Military Reform stemming from Greek Independence War
Muhammad Ali dealt with the military issues stemming from the loss programatically. To remedy the problem of officer training, he founded a staff college and hired French officers to train Ottoman personnel in the newly requisite military science. Convinced of the efficacy of the nizam jadid, he dissolved all his old regiments of Albanians and Mamluks, and set about building an entire army of nizami troops. To supply the men for the troops, he instituted conscription of Egyptian peasants.
Industrial changes instituted in response to Mil Reform of Greek War
To keep up with the constant need for money that military reformation created, Muhammad Ali established long-staple cotton as a cash crop, and re-shaped Egyptian agricultural economy to orient toward cotton production. Since British textile manufacturers were willing to pay good money for such cotton, Muhammad Ali ordered the majority of Egyptian peasants to cultivate cotton to the exclusion of all other crops. At harvest time, Muhammad Ali bought the entire crop himself, which he then sold at a mark-up to textile manufacturers; by this means, he turned the whole of Egypt's cotton production into his personal monopoly.

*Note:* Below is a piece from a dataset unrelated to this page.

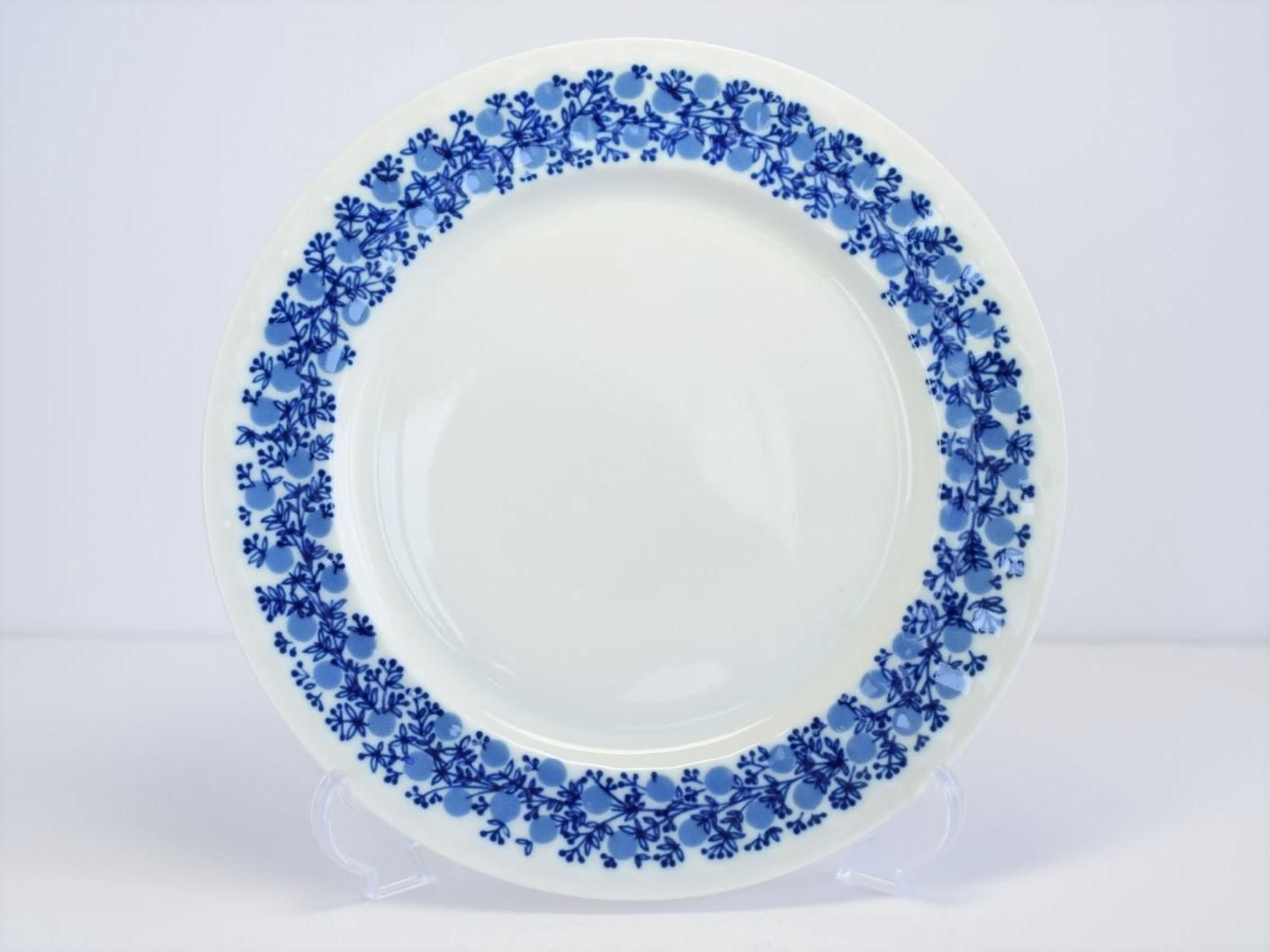 2色のブルーで描かれた木の実ような模様が、上品でエレガントな雰囲気に仕上がっています。

Further Forced Industrialization
The needs of the military likewise fueled other modernization projects, such as state educational institutions, a teaching hospital, roads and canals, factories to turn out uniforms and munitions, and a shipbuilding foundry at Alexandria, although all the wood for ships had to be imported from abroad. In the same way that he conscripted peasants to serve in the army, he frequently drafted peasants into labor corvées for his factories and industrial projects. The peasantry objected to these conscriptions, and many of them ran away from their villages to avoid being taken, sometimes fleeing as far away as Syria.

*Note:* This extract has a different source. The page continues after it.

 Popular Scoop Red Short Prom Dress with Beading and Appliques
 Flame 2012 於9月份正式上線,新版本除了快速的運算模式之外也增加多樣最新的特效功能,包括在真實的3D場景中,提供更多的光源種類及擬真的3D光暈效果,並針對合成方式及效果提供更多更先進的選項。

Rebellion against the Ottomans
Like many rulers of Egypt before him, Muhammad Ali desired to control Greater Syria, both for its strategic value and for its rich natural resources. Having built up a sizable nizami army, in 1831 he ordered Ibrahim Pasha to invade Syria, on the pretext of repatriating about 6,000 peasants who had fled conscription. Muhammad Ali's army overran Syria, captured Acre after a six-month siege (lasted from 3 November 1831 to 27 May 1832), and then marched north into Anatolia. At the Battle of Konya (21 December 1832), Ibrahim Pasha soundly defeated the Ottoman army led by the Grand Vizier; this outcome left no military obstacle between Ibrahim's forces and Istanbul itself.
Attack on the Ottomans
In 1839, Muhammad Ali, dissatisfied with partial sovereignty over Syria, went to war again against the Sultan's forces: when Mahmud II ordered his forces to advance on the Syrian frontier, Ibrahim attacked and destroyed them at the Battle of Nizib (24 June 1839) near Urfa. Echoing the Battle of Konya, Istanbul was again left vulnerable to Muhammad Ali's forces. What is more, Mahmud II died almost immediately after the battle took place, to be succeeded by his sixteen-year-old son, Abdülmecid.

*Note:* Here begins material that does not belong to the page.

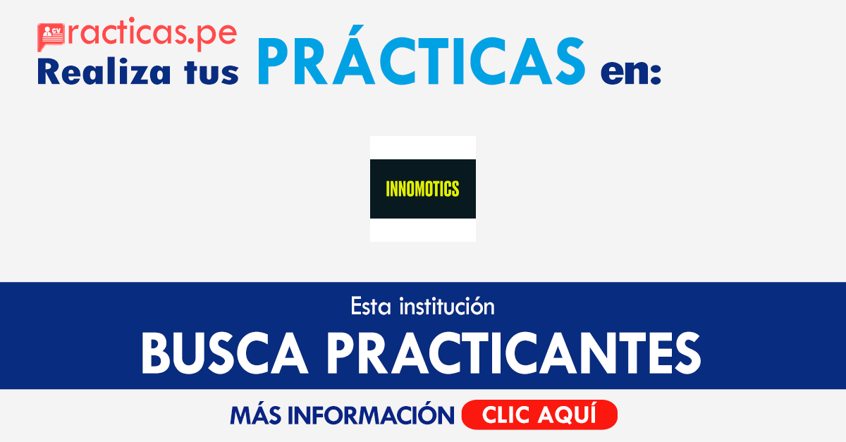 Si quieres iniciar tu desarrollo profesional en esta institución (INNOMOTICS S.A.C) te animamos a participar de sus procesos de selección de practicantes y asi formar parte de su equipo.

OTTOMAN REACTION TO LOSING POSITION IN EGYPTIAN REBELLION
The viceroy, to all appearances, was making a play to overthrow the Osmanli Dynasty and seize control of the Ottoman Empire. This possibility so alarmed Mahmud II that he accepted Russia's offer of military aid, much to the dismay of the British and French governments. From this position, in 1833 Russia brokered a negotiated solution known as the Treaty of Hünkâr Iskelesi. The terms of the peace were: a) Muhammad Ali would withdraw his forces from Anatolia, b) he would receive the territories of Crete (then known as Candia) and the Hijaz as compensation, and c) Ibrahim Pasha would be appointed wali of Syria.